[Data provided Boundary: Start]
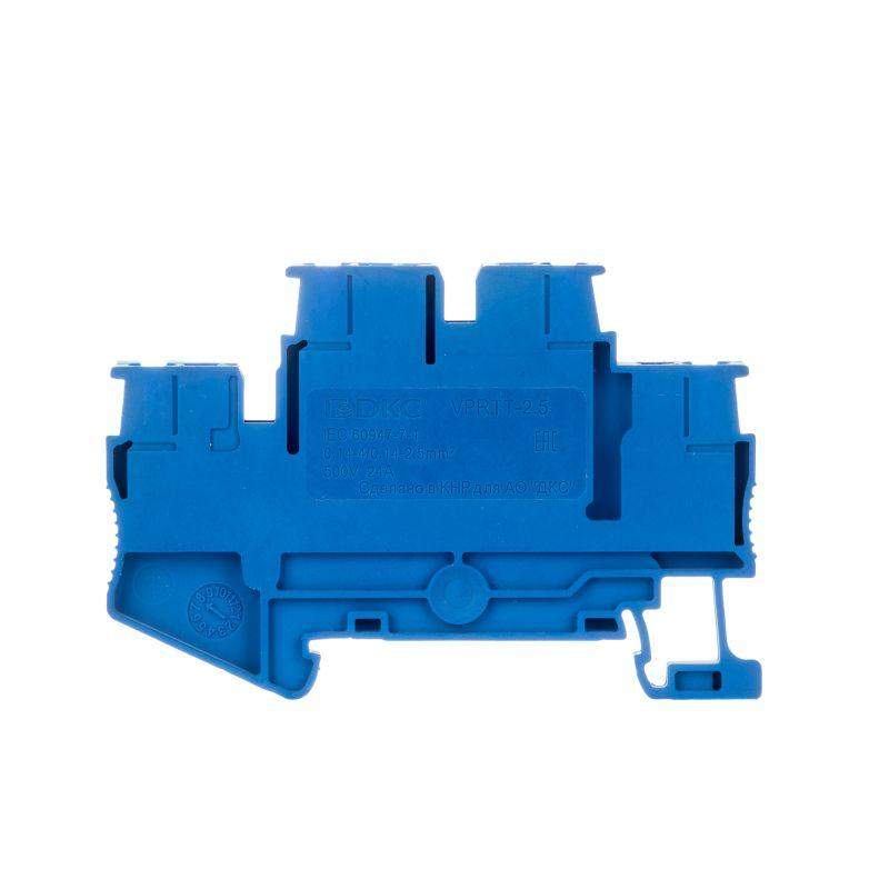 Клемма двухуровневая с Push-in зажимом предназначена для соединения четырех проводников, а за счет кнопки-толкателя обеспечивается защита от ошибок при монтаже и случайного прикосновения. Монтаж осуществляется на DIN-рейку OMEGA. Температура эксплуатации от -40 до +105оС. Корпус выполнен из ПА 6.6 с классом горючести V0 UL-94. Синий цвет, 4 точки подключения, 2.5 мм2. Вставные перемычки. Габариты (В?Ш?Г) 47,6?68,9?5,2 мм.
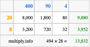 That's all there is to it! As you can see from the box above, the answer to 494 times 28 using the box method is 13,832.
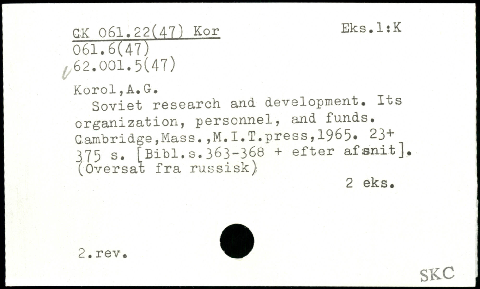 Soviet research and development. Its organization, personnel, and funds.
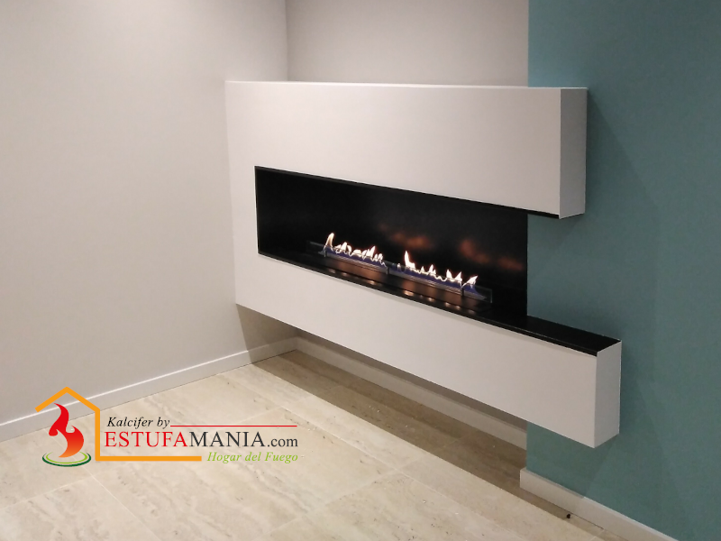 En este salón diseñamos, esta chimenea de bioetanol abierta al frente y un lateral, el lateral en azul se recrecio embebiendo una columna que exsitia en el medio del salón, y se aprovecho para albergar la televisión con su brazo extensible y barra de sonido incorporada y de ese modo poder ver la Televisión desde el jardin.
[Data provided Boundary: End]
[Data provided Boundary: Start]
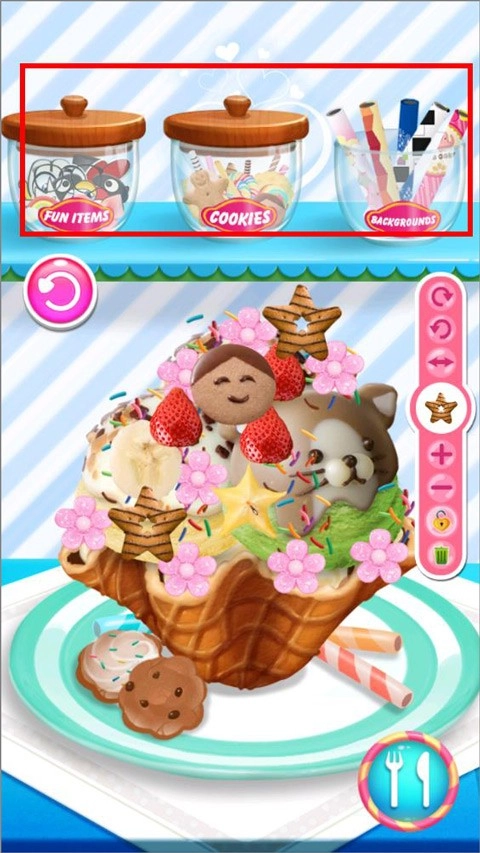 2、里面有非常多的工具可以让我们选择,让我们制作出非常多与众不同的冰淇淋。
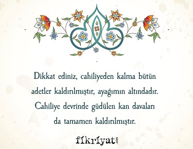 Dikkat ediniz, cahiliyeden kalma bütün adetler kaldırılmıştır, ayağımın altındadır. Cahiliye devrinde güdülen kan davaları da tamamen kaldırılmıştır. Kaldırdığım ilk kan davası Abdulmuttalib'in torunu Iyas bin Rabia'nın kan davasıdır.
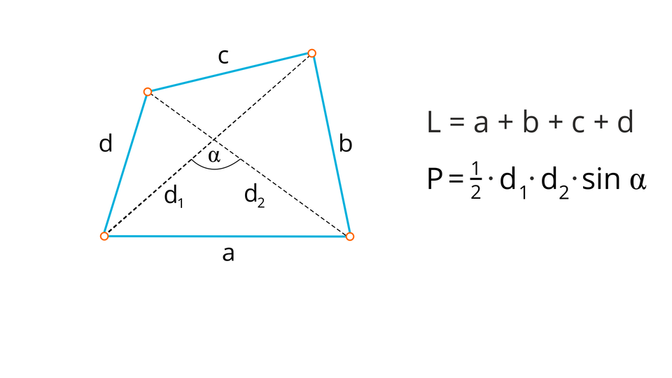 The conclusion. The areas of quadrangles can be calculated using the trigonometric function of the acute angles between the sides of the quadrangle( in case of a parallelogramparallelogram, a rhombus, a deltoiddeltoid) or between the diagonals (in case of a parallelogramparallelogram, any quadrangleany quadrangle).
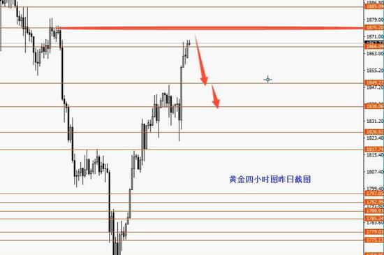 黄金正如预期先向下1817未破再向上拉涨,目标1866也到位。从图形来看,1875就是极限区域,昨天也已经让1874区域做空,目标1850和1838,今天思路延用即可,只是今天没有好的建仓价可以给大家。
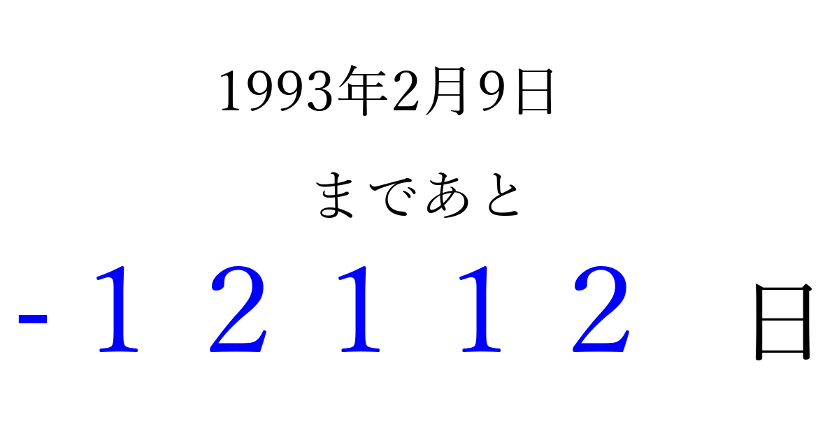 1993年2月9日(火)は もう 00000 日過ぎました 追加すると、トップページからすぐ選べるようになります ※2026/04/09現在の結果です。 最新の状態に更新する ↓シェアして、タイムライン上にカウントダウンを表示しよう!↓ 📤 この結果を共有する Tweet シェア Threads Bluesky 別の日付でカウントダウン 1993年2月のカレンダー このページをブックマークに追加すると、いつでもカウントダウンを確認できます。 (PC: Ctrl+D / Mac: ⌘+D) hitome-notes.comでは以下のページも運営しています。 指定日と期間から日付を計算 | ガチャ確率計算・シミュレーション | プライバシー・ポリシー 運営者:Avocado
[Data provided Boundary: End]
[Data provided Boundary: Start]
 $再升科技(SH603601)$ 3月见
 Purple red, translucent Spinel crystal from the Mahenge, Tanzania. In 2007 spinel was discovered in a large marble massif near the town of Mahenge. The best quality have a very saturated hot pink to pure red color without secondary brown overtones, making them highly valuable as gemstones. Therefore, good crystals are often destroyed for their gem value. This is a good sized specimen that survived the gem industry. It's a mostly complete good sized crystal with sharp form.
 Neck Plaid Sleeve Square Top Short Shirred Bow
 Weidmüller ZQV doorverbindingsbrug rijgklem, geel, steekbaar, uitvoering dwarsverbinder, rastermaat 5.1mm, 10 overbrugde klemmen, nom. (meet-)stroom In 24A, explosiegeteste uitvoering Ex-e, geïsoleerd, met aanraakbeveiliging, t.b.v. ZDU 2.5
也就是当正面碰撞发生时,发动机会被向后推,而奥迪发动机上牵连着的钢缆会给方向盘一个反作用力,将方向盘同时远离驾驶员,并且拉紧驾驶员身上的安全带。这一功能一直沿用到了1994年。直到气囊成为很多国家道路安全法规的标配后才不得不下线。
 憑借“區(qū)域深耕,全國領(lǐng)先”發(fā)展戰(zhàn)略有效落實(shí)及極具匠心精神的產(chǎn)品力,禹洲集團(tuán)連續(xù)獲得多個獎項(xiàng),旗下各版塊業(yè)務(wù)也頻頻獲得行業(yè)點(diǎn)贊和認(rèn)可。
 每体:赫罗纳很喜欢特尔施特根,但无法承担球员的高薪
[Data provided Boundary: End]
• Problem to solve
Write out word for word the lines above that run from the one with "The conclusion. The" to the one with "1993年2月9日(火)は もう 00000". Include both end lines; exclude the images.

• Answer section
 The conclusion. The areas of quadrangles can be calculated using the trigonometric function of the acute angles between the sides of the quadrangle( in case of a parallelogramparallelogram, a rhombus, a deltoiddeltoid) or between the diagonals (in case of a parallelogramparallelogram, any quadrangleany quadrangle).
 黄金正如预期先向下1817未破再向上拉涨,目标1866也到位。从图形来看,1875就是极限区域,昨天也已经让1874区域做空,目标1850和1838,今天思路延用即可,只是今天没有好的建仓价可以给大家。
 1993年2月9日(火)は もう 00000 日過ぎました 追加すると、トップページからすぐ選べるようになります ※2026/04/09現在の結果です。 最新の状態に更新する ↓シェアして、タイムライン上にカウントダウンを表示しよう!↓ 📤 この結果を共有する Tweet シェア Threads Bluesky 別の日付でカウントダウン 1993年2月のカレンダー このページをブックマークに追加すると、いつでもカウントダウンを確認できます。 (PC: Ctrl+D / Mac: ⌘+D) hitome-notes.comでは以下のページも運営しています。 指定日と期間から日付を計算 | ガチャ確率計算・シミュレーション | プライバシー・ポリシー 運営者:Avocado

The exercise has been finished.